Hearing some talk about e-cig technology is like reading a sci-fi book or just thinking about how much cellphones have evolved over the past 15 years.
“I actually think that in 10 to 20 years, rather than comparing electronic-cigarette brands to traditional cigarettes, you’ll see more people likening them to other small electronics products,” says Verleur. “Today, a smartphone or a smartwatch are extensions of the user’s interests or style. As the technology in our space continues to get better and better, I think we’ll see something similar occur with electronic cigarettes.”
Though the options may be infinite, one certainty is that science and technology will continue to play a central role in the industry’s growth.
“We believe tech-based innovation is critical to success in this segment,” says Smith.
It’s the ability to innovate that prompted Bonnie Herzog’s oft-cited prediction that electronic cigarettes could outsell combustible cigarettes within the next decade—a prediction that even Herzog acknowledges would need to be updated if the e-cig industry loses some of its ability to innovate.
“If innovation and technology are stifled in some way, it won’t be 10 years; it might take longer,” she says. “Ultimately, what the consumer wants is something that’s very similar [but less harmful] than the traditional smoking experience.”
And, as Verleur and countless others have said, the industry hasn’t quite replicated the experience of combustible cigarettes yet.
“E-cig consumers have told us that the current products on the market, while satisfying their demand, have not yet met their complete needs,” says Denk. “We believe that we have the best product on the market currently, but we also understand that the electronic-cigarette category is in its infancy and there is plenty of room for continued innovation.”
Only time will tell whether regulatory agencies will recognize the tech element of electronic cigarettes and allow them to grow like other technology products, or restrict the industry with tobacco-like regulations. For now, the industry holds its collective breath.
“Technology is our industry’s lifeblood,” Verleur says. “The industry will only grow with advances in technology and sustained innovation. We, as a category, still have work to do.”
The China Debate
Companies such as Miami-based V2 Cigs and Jacksonville, Fla.-based Swisher cite U.S.- based e-liquid production and assembly as ways their products stand out to consumers. Because virtually all electronic-cigarette manufacturing is based in China, many consumers and retailers have expressed concerns over quality control. Miguel Martin of Logic Technologies argues that this stigma isn’t necessarily accurate.
“I would remind people that their iPhones, iPads and—in a lot of cases—their medical devices are made in China,” he says. “No one should feel like [being manufactured in China] is a knock on any electronic or technology-based product.”
Still—as is the case with iPhones and medical devices—there are valid concerns when any consumer product is being manufactured abroad, which is why Martin lists quality control as “critically important.” It’s why many e-cigarette companies not only have employees living in China to oversee the process, but also send U.S.-based honchos to the East on a regular basis to review the manufacturing themselves.

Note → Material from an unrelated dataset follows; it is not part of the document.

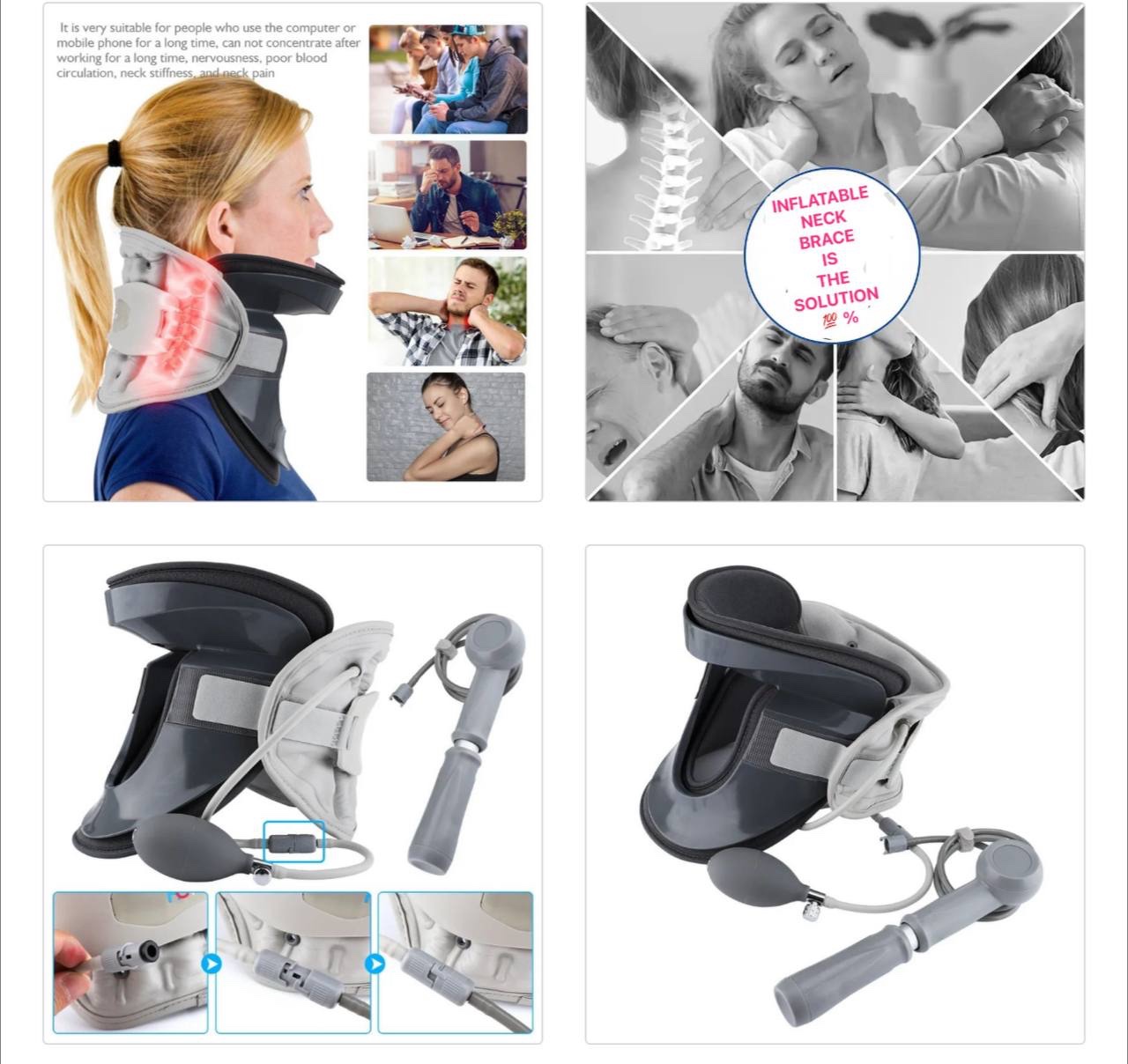 INFLATABLE ADJUSTABLE NECK BRACE RETAINER / CERVICAL NECK TRACTION COLLAR + FREE MANUAL PUMP(HAILICARE BRAND)

Besides the manufacturing process, e-cig companies also have to worry about the quality of the products once they arrive in the United States. Shipping electronic cigarettes from halfway across the globe means a great deal of time passes from when a product is assembled to when it’s consumed. Martin says this is why Logic ships its products by air—not via boat, which is cheaper but more time-consuming—and also uses a large 300 megahertz lithium battery.
“It makes a big difference, regardless of shipping,” he says. “A superior battery ensures that from the beginning of the use of the unit to the end of the use of the unit, you’re getting a consistent high-quality puff. When you have a lithium-based battery the size that we have, it makes a big difference, which has translated into higher adult consumer satisfaction and market share.”